In news from Africa, former British military officer Simon Mann has been sentenced to thirty-four years in prison for plotting to topple the oil-rich government of Equatorial Guinea. During the trial, Mann said that Spain, South Africa and the United States all knew about the coup plot and approved it. Mann also implicated Mark Thatcher, the son of Britain’s former prime minister Margaret Thatcher, in the plot.
An Army medic who became famous for being photographed in 2003 carrying an Iraqi child to safety has died at the age of thirty-one after overdosing on a computer cleaner aerosol. Army Specialist Joseph Dwyer had been struggling with post-traumatic stress syndrome. After he returned from Iraq, his marriage fell apart, and he spiraled into substance abuse and depression. In 2005, he shot up his El Paso, Texas apartment and held police at bay for three hours with a 9-mm handgun, believing Iraqis were trying to get in. The March 2003 photo of Dwyer was published around the world and has been described as one of the most iconic images of the US invasion. His mother Maureen Dwyer said, “He loved the picture, don’t get me wrong, but he just couldn’t get over the war. He wasn’t Joseph anymore. Joseph never came home.”
A US photographer has accused the US military of censorship after the Marines kicked him out of its embed program for publishing a photo of a Marine who died in a suicide bombing in Fallujah. The photographer, Zoriah Miller, said, “I just feel this war has become so sanitized that it was important to show.” The military claimed the publication of the photo violated embed rules. The Marines also claimed that Miller had “provided the enemy with specific information on the effectiveness of the attack.”
A group of scientists, conservationists and politicians from Europe and its twenty-eight overseas territories have begun a five-day biodiversity meeting on Reunion Island in the Indian Ocean. Most of Europe’s overseas territories are islands that have unusually high concentration of unique and endangered species. Russell Mittermeier of the International Union for Conservation of Nature urged the European nations to protect the biodiversity of these islands.
Russell Mittermeier: “France is one of the ten countries in the world with the highest number of endangered species, mainly due to what has happened in its overseas territories. And once again, the risk of these numbers increasing in the European overseas territories is likely to increase with the growing threat of climate change.”
In other environmental news, a new US government report has revealed that half of US coral reefs are in poor or fair condition and are threatened by climate change and human activities like sports fishing, shipping and the release of untreated sewage. Reefs in the Caribbean, in particular, are under severe assault.

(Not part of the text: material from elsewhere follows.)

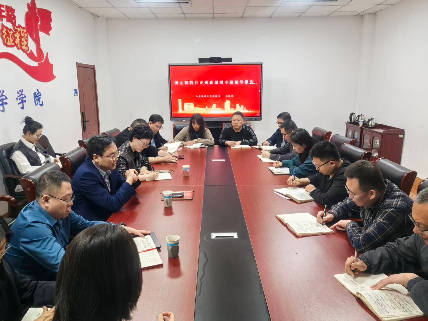 为深入贯彻落实关于树立和践行正确政绩观的重要指示精神,扎实推进学习教育走深走实,切实将学习成果转化为推动高质量发展的实际成效,3月27日,山东财经大学副校长王敬政莅临学院开展调研指导,并讲授“树立和践行正确政绩观”专题党课。会议由学院党委书记齐杨主持,学院全体班子成员及行政管理人员参加。

And in campaign news, Denver police arrested a sixty-year-old librarian Monday on trespassing charges after she tried to enter a John McCain rally in a city-owned building holding a sign that read “McCain = Bush.” Carol Kreck was removed from the event by four city police officers.
Carol Kreck: “The ticket was for trespassing. He said if I came back into the plaza, I would be arrested and taken to jail. [The sign] says ‘McCain = Bush’. Now, in a Republican [event], why is that offensive? Why would Republicans who voted for Bush find it offensive that a sign says ‘Bush = McCain’ or ‘McCain = Bush’?”
Carol Kreck was arrested at the Denver Performing Arts Complex. A spokesperson at the center said the venue is a city-owned rental property, but she claimed the building is not legally defined as public property. Denver is the site of the Democratic National Convention in August.